Hope you’re all enjoying the spring sunshine or surviving the looming apocalypse, or both.

We have some exciting news – in May we will be publishing Kathryn Scanlan’s Aug 9 – Fog. This was her first book, published in the US in 2019, before the widely acclaimed Kick the Latch, and we are delighted to be publishing it in the UK for the first time.

There is a press pack folder here which contains a pdf, press release and images to download, and more information and endorsements below. Please do let me know, though, if you are planning to pitch or commission something.

Katrina Palmer’s The Touch Report has now closed at the National Gallery, but the book is freshly out and to date has only had one, dire review at the Guardian. I know it’s churlish to complain about bad reviews, especially to an audience of editors (😬) but trust me, this one is a real stinker that completely fails to even try to understand what the “book” [their scare quotes!] is. Please read it and get as annoyed as i was and then pitch or commission a better one ; ) https://www.theguardian.com/artanddesign/2024/dec/16/jeff-wall-life-in-pictures-white-cube-bermondsey-review-katrina-palmer-the-touch-national-gallery

Also, all four books in the Arrhythmia series are now out. Following Roy Claire Potter’s The Wastes and Alice Walters The Medium in 2024, we’ve now released the second two titles, Black Body Index by Andrew E. Colarusso, and Through the Tinnitus by Kamwangi Njue. Full details below, and if you’d like to hear the album please email for a code.

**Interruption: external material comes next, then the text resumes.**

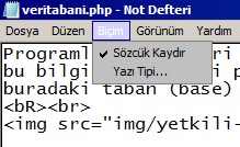 Anlamanız cep çakısı gibi olursa lazım olduğu an direkt kullanılır. Notepad.exe ile veritabanı anlama çalışmasını yaparken: Biçim menüsünden "Sözcük Kaydır" seçili olmasın. Seçiliyse tıklayıp o seçililiği kaldırın. Tab tuşu ile de musteri tablosunun sonraki alanlarına geçiş yapın. Tablomuzun alanları sırasıyla yetkili kisi, telefon, teslim alan, teslim gun, aldigi urunler.

Katrina Palmer is also the guest editor for the Arrhythmia series so it would be a great time to commission a review essay or feature of the series, or a profile of this complex and quietly subversive artist.


If you would like a review copy of any of these (or other Book Works) titles, or to profile any of the artists, or have any questions, get in touch by replying to this email (or [email protected] /+44 7779 251006).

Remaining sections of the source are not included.